**PROBLEM**:
Each line below must be transcribed exactly, and no picture may appear in the transcription.

##### RECORDED INFORMATION

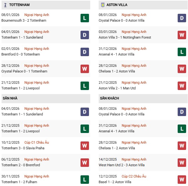 Lịch sử đối đầu trong 5 trận gần nhất đang nghiêng hẳn về phía đội khách. Aston Villa đã giành chiến thắng trong cả 3 lần chạm trán gần đây nhất giữa hai đội, bao gồm cả chiến thắng 2-1 ngay tại sân của Tottenham vào tháng 10/2025. Với phong độ trái ngược và tâm lý hưng phấn, Aston Villa hoàn toàn đủ khả năng ca khúc khải hoàn ngay tại London.
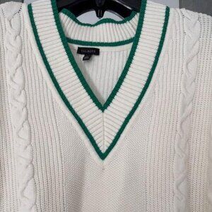 Talbots Drop Shoulder Cable Knit Sweater Vest Preppy Academia Tennis Coastal
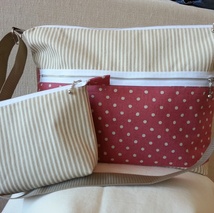 Skulderveske linlook, inkl sminkepung. Rosa linlook ytterlomme
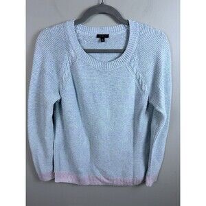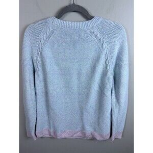 Talbots Sweater Cotton Linen Blend knit marbled blue pink Trim Petite Medium

##########

**OUTPUT**:
 Lịch sử đối đầu trong 5 trận gần nhất đang nghiêng hẳn về phía đội khách. Aston Villa đã giành chiến thắng trong cả 3 lần chạm trán gần đây nhất giữa hai đội, bao gồm cả chiến thắng 2-1 ngay tại sân của Tottenham vào tháng 10/2025. Với phong độ trái ngược và tâm lý hưng phấn, Aston Villa hoàn toàn đủ khả năng ca khúc khải hoàn ngay tại London.
 Talbots Drop Shoulder Cable Knit Sweater Vest Preppy Academia Tennis Coastal
 Skulderveske linlook, inkl sminkepung. Rosa linlook ytterlomme
 Talbots Sweater Cotton Linen Blend knit marbled blue pink Trim Petite Medium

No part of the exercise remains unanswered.